Segundo escreve Carrion em um artigo recentemente publicado por ON, “em 1861, após a pendência com a Inglaterra pela "Questão Christie", o imperador Pedro II contratou os engenheiros ingleses Law e John Clarke para estudarem o melhor local de porto marítimo na costa Sul, e aí apareceu Torres. Após longas pesquisas, em 1875, o relatório propôs "construir dois molhes mar adentro, um a partir da Torre Norte (Morro do Farol) e outro a partir da Torre do Centro (Morro das Furnas), até quase a ilha dos Lobos, num ancoradouro de 100 hectares". Extensos levantamentos batimétricos, apontam as águas de Torres como ideais, pois "lá não há dificuldade de construção e é a melhor posição para propósitos navais".

Nova tentativa

Conta o ex-prefeito que “em setembro de 1931, o presidente Getulio Vargas retomou a ideia, e o Decreto nº 20.477 "autorizou contrato com o RS para construir o porto de Torres", mas a ideia não prosperou.
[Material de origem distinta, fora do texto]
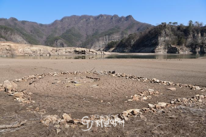![]() 가뭄에 모습을 드러낸 노루목마을 터와 적벽, 2023, 박철수 |

Em fevereiro de 1993, como deputado federal, fui relator da Lei nº 8.630, aprovada pelo Congresso, que regula o sistema portuário brasileiro, e entendi o acerto dos engenheiros ingleses.”

Ameaças

Proprietário da empresa responsável pelo serviço de Outdoors em Passo Fundo recebe nova ameaça em função do painel instalado na Avenida Brasil, bairro Petrópolis, contendo críticas ao ministro da Justiça Sérgio Moro. O grupo intitulado Mais a Esquerda está ingressando com representação no Ministério Público para responsabilizar autores das ameaças. Este outdoor já foi retirado da Sete de Setembro e vandalizado na BR 285, o que gerou ocorrência policial.

Inócuo

Se a intenção é evitar que as pessoas leiam, é inócuo o pedido do subprocurador-geral da República Moacir Guimarães Morais Filho, para que o Conselho Nacional do Ministério Público (CNMP) apreenda todos os exemplares do livro “Nada menos que tudo”, em que o ex-procurador-geral da República Rodrigo Janot revela ter planejado matar o ministro Gilmar Mendes, do STF. O livro já circula na íntegra pelas redes sociais como o whatsApp.